SOURCE MATERIAL Block Start
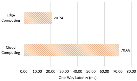 Finally, Figure 9 illustrates the one-way latency introduced by the network architecture in the two scenarios previously described, where the MQTT broker and the Node-RED computing server are deployed either at the edge or in the public cloud. Specifically, in the scenario involving the public cloud, a virtual machine was instantiated to host the Node-RED server and the MQTT broker, which was implemented using Mosquitto.
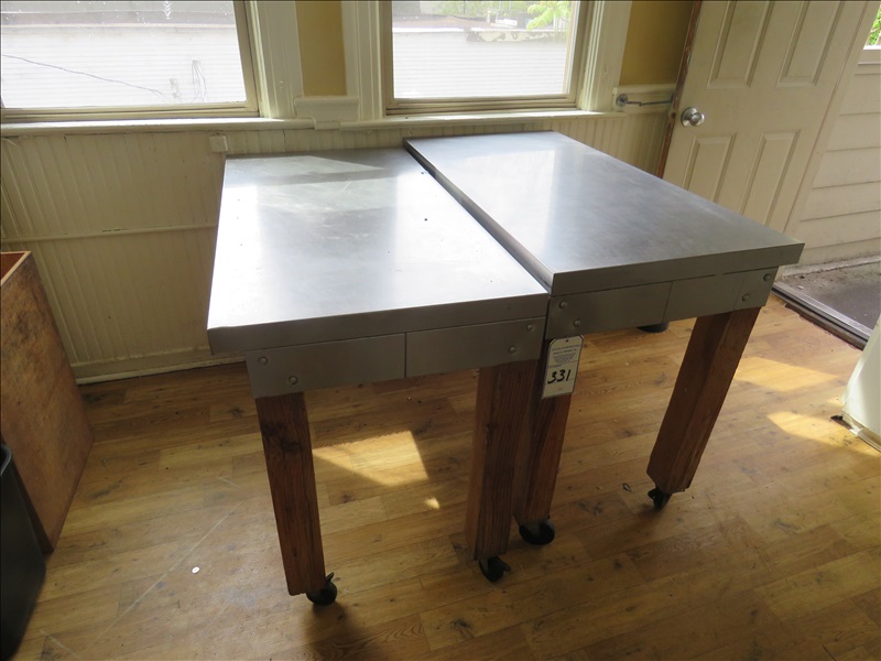 LOT, (2) 48" SS TOPPED TABLES ON CASTERS
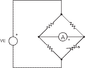 圖 4 所示的惠斯通橋接是一款我們所熟悉的電路,主要用于高精度地測量電阻。1833 年, Hunter Christie 發(fā)明了這種電路,隨后 Charles Wheatstone 對其進行了研究,并做了廣泛的分析,Wheatstone 橋接便因此得名。Wheatstone 還首次運用獨特的鉆石形風格繪制這種電路,并一直沿用至今。
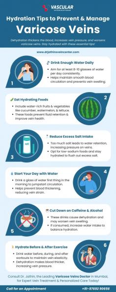Hydration plays a key role in maintaining healthy veins and preventing varicose vein discomfort. Drinking plenty of water, reducing salt intake, and avoiding excess caffeine can improve circulation and reduce swelling. Before trying any home remedies, consult Dr. Jathin, a leading vascular surgeon in Mumbai, for expert guidance and advanced treatment for varicose veins. Book your consultation today for the best care.
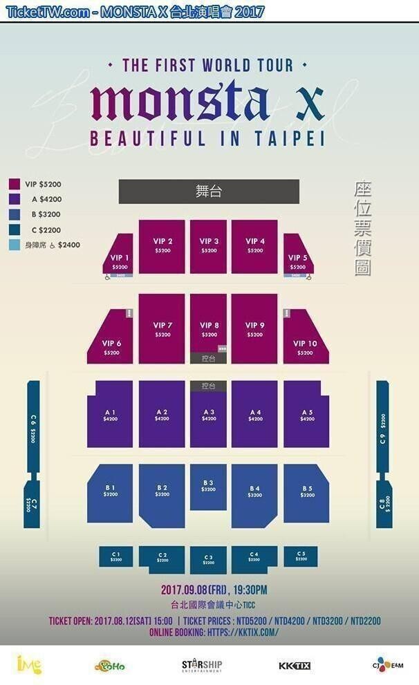 門票價錢: NT 5200 / 4200 / 3200 / 2200。
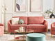 Udělejte si pohodlí na této jedinečné 3-místné pohovce s oblým tvarem, která vytvoří útulnou atmosféru ve vašem interiéru. Hrubé čalouněné sedátko a nadýchané polštáře na opěradle zaručují vynikající komfort během sezení. Zlaté kovové nohy zvýrazňují jedinečnou barvu čalounění a designu pohovky dodávají eleganci.
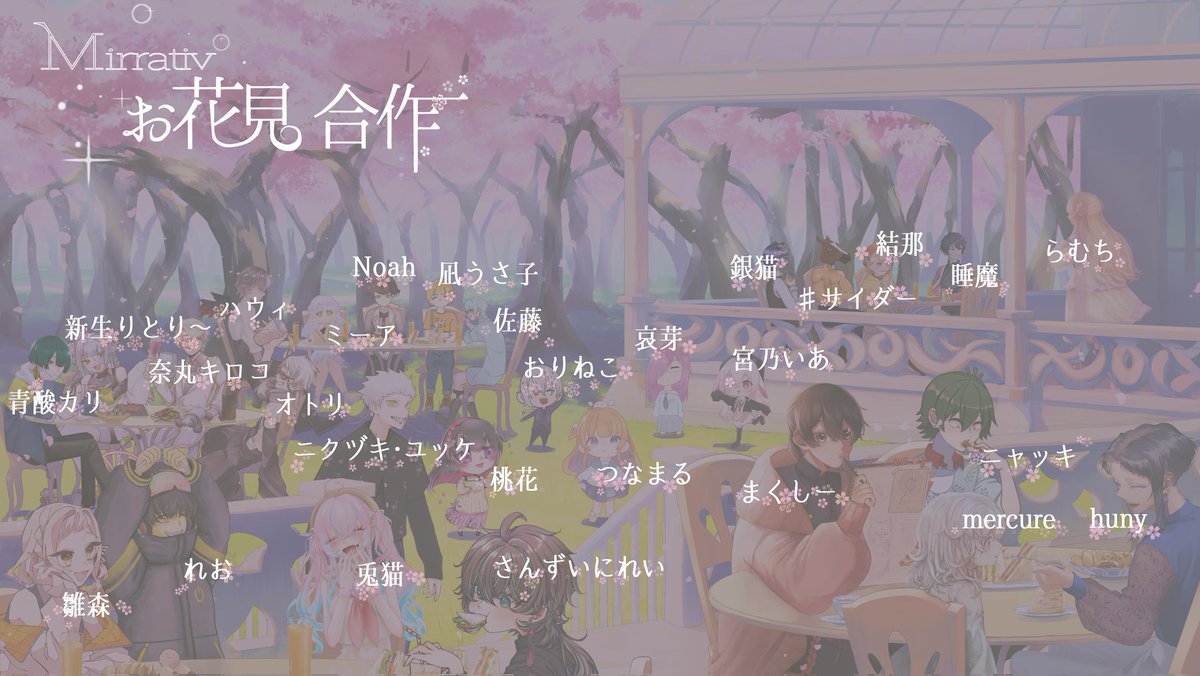 #Mirrativお花見合作 この度huny様主催のミラティブイラスト合作企画に参加させていただきました!🥰❤️ とても楽しく描かせてもらいました! huny様はじめ、参加された絵師様方に、たくさんのありがとうとお疲れ様をお伝えいたします!🙏
SOURCE MATERIAL Block End
(WHAT THIS TASK INVOLVES) Only the lines from the one holding "Udělejte si pohodlí" through the last line of the records should be output, please, exactly and without any pictures.

(RESULT OF THE EXERCISE)
 Udělejte si pohodlí na této jedinečné 3-místné pohovce s oblým tvarem, která vytvoří útulnou atmosféru ve vašem interiéru. Hrubé čalouněné sedátko a nadýchané polštáře na opěradle zaručují vynikající komfort během sezení. Zlaté kovové nohy zvýrazňují jedinečnou barvu čalounění a designu pohovky dodávají eleganci.
 #Mirrativお花見合作 この度huny様主催のミラティブイラスト合作企画に参加させていただきました!🥰❤️ とても楽しく描かせてもらいました! huny様はじめ、参加された絵師様方に、たくさんのありがとうとお疲れ様をお伝えいたします!🙏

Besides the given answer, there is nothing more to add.